Младший обиделся. Более того, ужасно разозлился. Это же безобразие. Содержимое его желудка, до которого никому не должно быть дела, собирают в пластиковый пакетик без его разрешения, более того, без его ведома. Что за этим последует? Его накачают морфином и во сне возьмут на анализ кал? Сбор блевотины, безусловно, является нарушением конституции Соединенных Штатов, вступает в прямое противоречие с правом любого гражданина не давать показания против себя. Это же пощечина правосудию, попрание высшего закона страны.
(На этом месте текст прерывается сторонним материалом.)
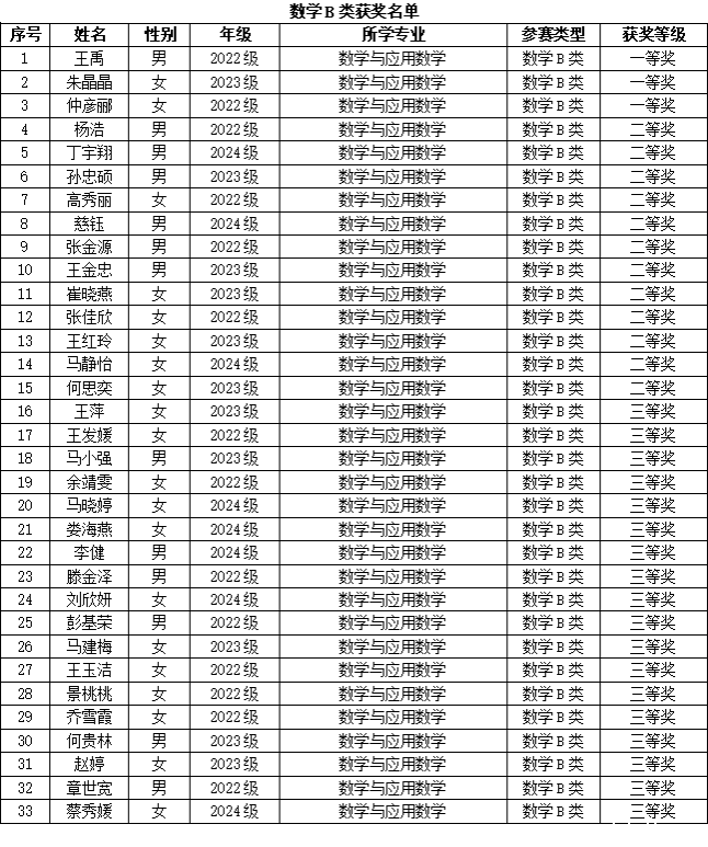 11月20日,第十七届全国大学生数学竞赛(甘肃赛区)成绩揭晓,我校参赛学生取得优异成绩,61名同学喜获佳绩。其中,数学专业B组获奖33项(一等奖3项,二等奖12项,三等奖18项),非数学专业A组获奖27项(一等奖2项,二等奖11项,三等奖14项),非数学专业B组获得三等奖1项。全国大学生数学竞赛是由中国数学学会主办的一项专门针对大学生设立的全国性高水平学科竞赛。该竞赛旨在激发大学生对数学学习的兴趣,提升数学素养与逻辑思维能力,...
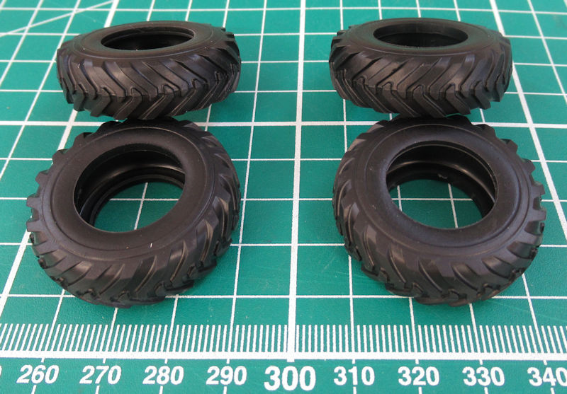 Für die Schwinge gibt es Hubzylinder. Diese sollen nicht verklebt werden damit die Einheit beweglich bleibt. Hier finden O-Ringe ihre Anwendung. Leider habe ich die drei kleinen Exemplare leider nicht gefunden. Es gibt als Arbeitsgerät leider nur eine Schaufel. Eine Palettengabel wäre auch nicht schlecht gewesen… Die Gummireifen werden auf die einteiligen Felgen gezogen und dann auf die Achsen gesteckt. Rückleuchten und Blinker sind leider nicht eingefärbt. Eine Rundumleuchte gibt es leider nicht.
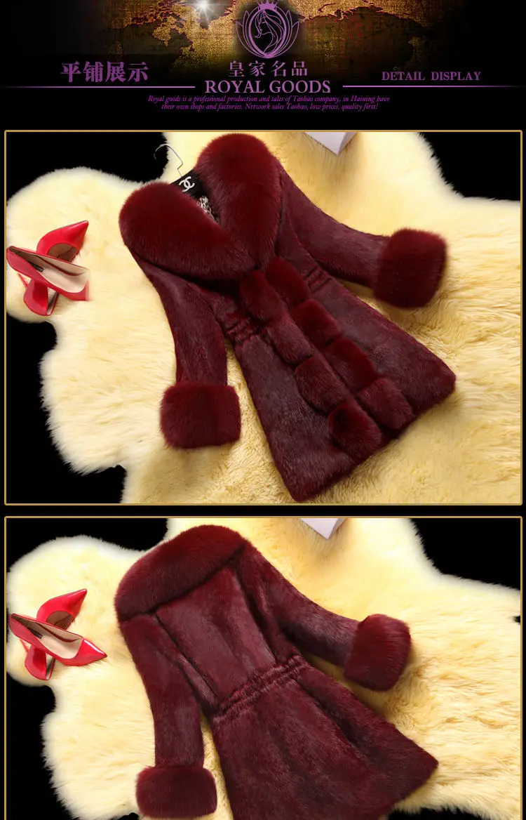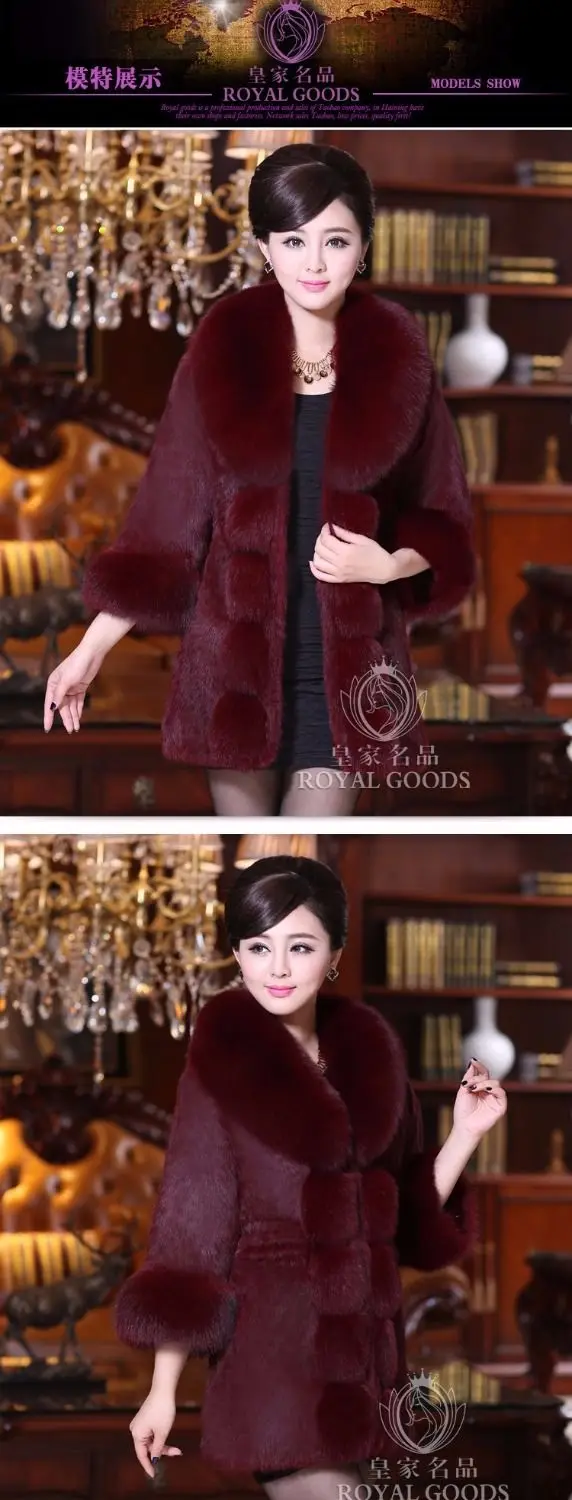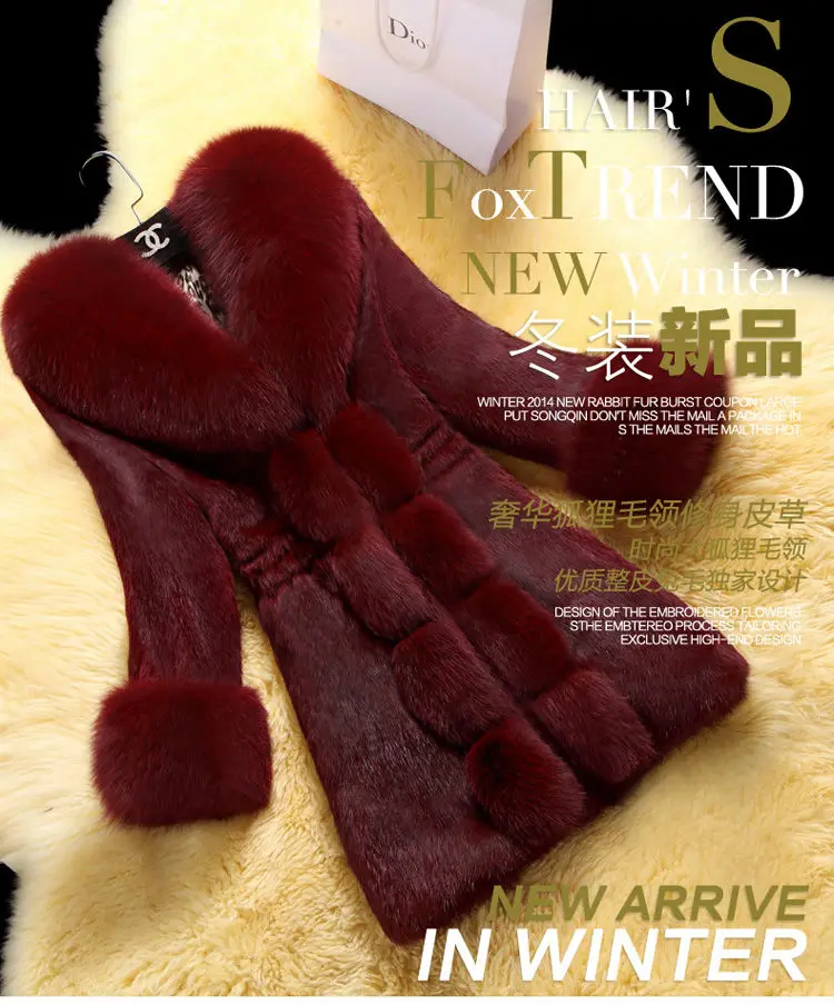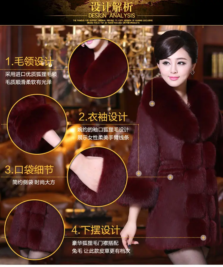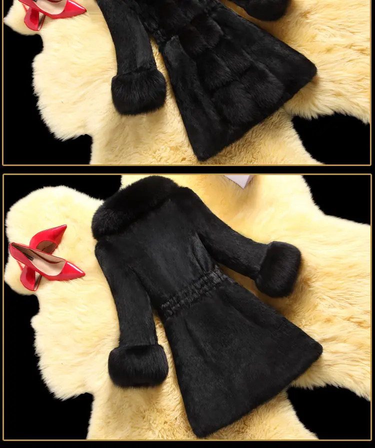 Женское пальто из искусственного меха средней длины, с воротником из искусственного меха кролика
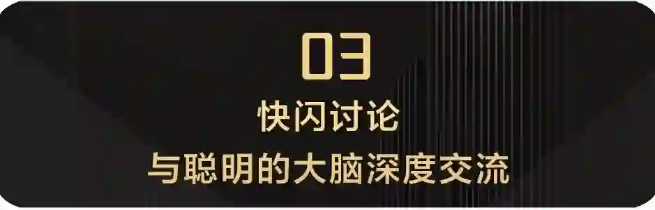 为了帮助你摆脱狭隘视野与思维定式,我们每月至少一次就时下热点话题,组织快闪讨论,让你与聪明的大脑深入讨论、思想碰撞,从更高的维度审视问题。
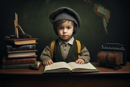 Young child poses with books, a globe, and an old-fashioned typewriter on an antique desk
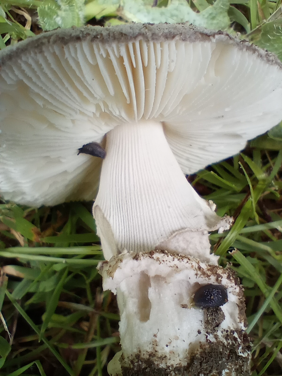 Ein schönes Stadium, wie ich finde. Hier kann man noch gut erkennen, wie sich der Ring vom "Bergsteigersöckchen" (das keines ist) trennt. In meiner Fantasie sieht man auch, wie die Riefen am Ring durch die Lamellen "geprägt" wurden. Allerdings weiß ich nicht, ob das überhaupt so ist. Das "Söckchen" ist leider nicht so deutlich ausgeprägt, ich glaube daran haben sich die Schnecken, die auf den Bildern zu sehen sind, schon gütlich getan (klar, schließlich ist das ja auch keins, wie sich das für den Grauen gehört
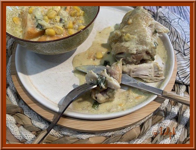 Voici un plat que j’aimerais sans problème. Poulet, patate douce et coco. J’adore et mes papilles voyagent juste en lisant la recette.
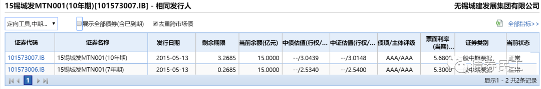 無(wú)錫城建發(fā)展集團(tuán)有限公司是無(wú)錫市國(guó)資委100%控股企業(yè),最新主體信用等級(jí)為AAA(大公國(guó)際)。無(wú)錫城發(fā)集團(tuán)的存續(xù)債券金額為30億元,主要是兩只中期票據(jù)。此次太湖新城不再納入無(wú)錫城發(fā)的合并報(bào)表之后,預(yù)計(jì)會(huì)對(duì)其產(chǎn)生一定的影響。
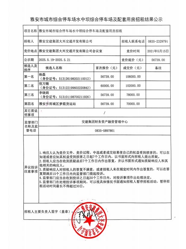 雅安市城市綜合停車場(chǎng)水中壩綜合停車場(chǎng)及配套用房招租結(jié)果公示
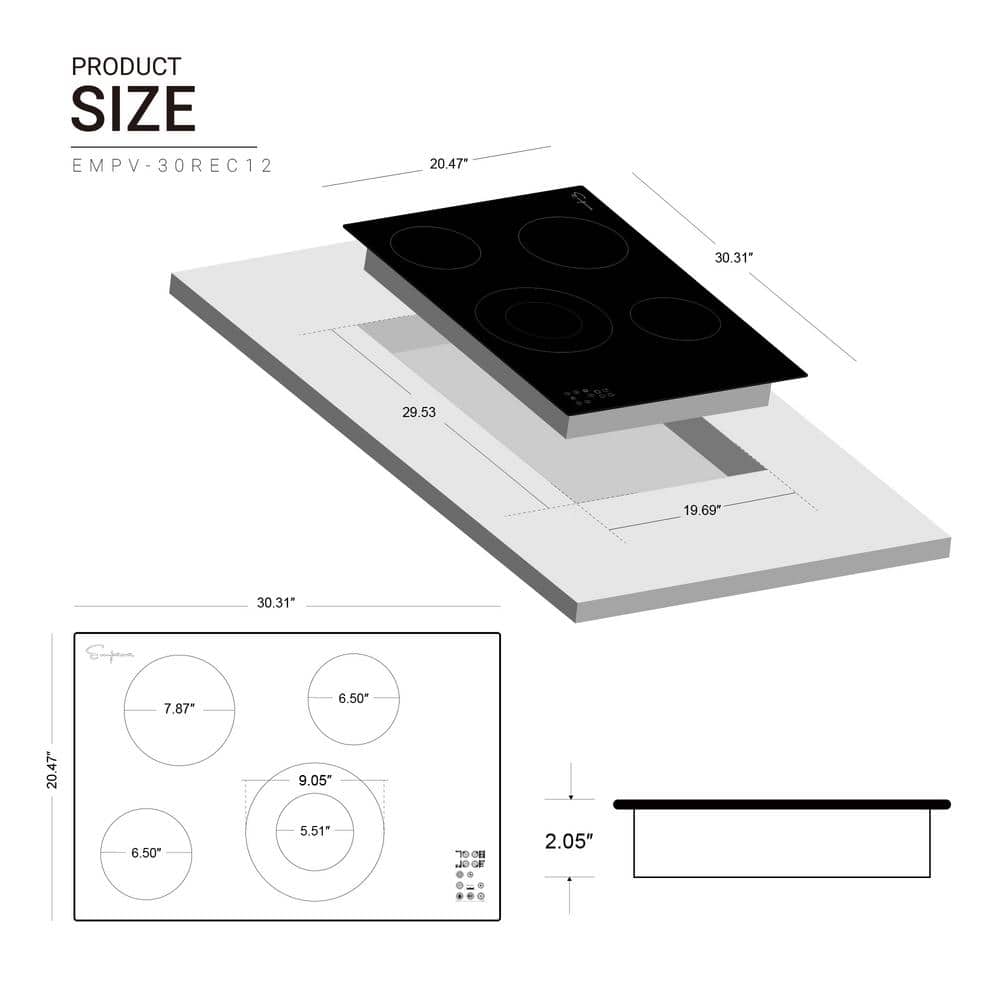 Empava 30 in. 240-Volt Smooth Surface Radiant Electric Cooktop in Black with 4 Elements including Dual Zone Element
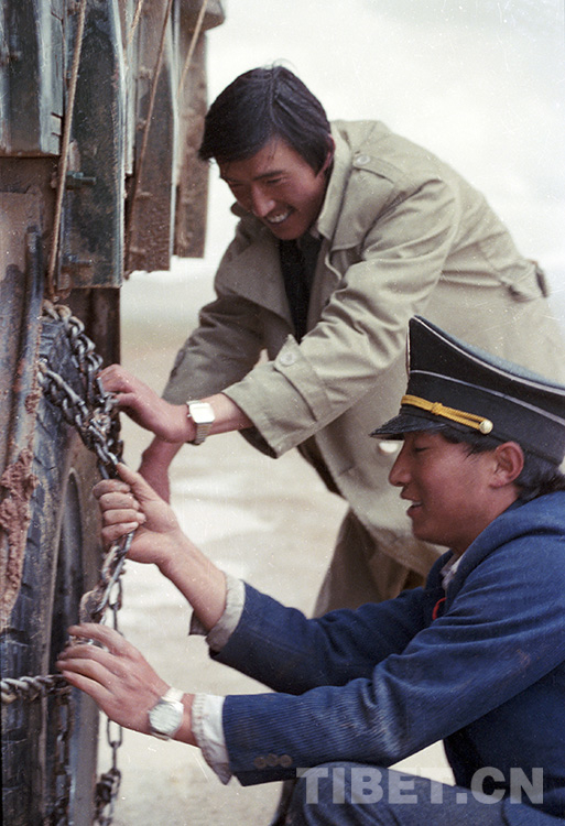 這是郵政人員正在為(wei) 郵車的輪胎綁防滑鏈條,以便郵車順利通過泥濘路。上世紀七八十年代,由於(yu) 藏北西部交通不便,每半月通郵一次的郵車常常會(hui) 在草原上遭遇陷車等困難(唐召明1987年攝)

Он, разумеется, не принимал ни ипекака, ни другого рвотного, так что никаких улик против него им не найти. Но он все равно злился, из принципа.

Возможно, доктора Паркхерста тоже возмутило это самоуправство детектива, от которого на милю несло фашизмом и фанатизмом, потому что голос его резко изменился.

– Мне нужно осмотреть нескольких больных. Надеюсь, что к вечернему обходу мистер Каин придет в себя, но я хочу, чтобы до завтра вы его не беспокоили.

Ванадий никак не отреагировал на просьбу врача.

– Еще один вопрос, доктор. Если это острый нервный эмезис, как вы предполагаете, не может ли быть для него другой причины, помимо душевной боли, вызванной скоропостижной смертью жены?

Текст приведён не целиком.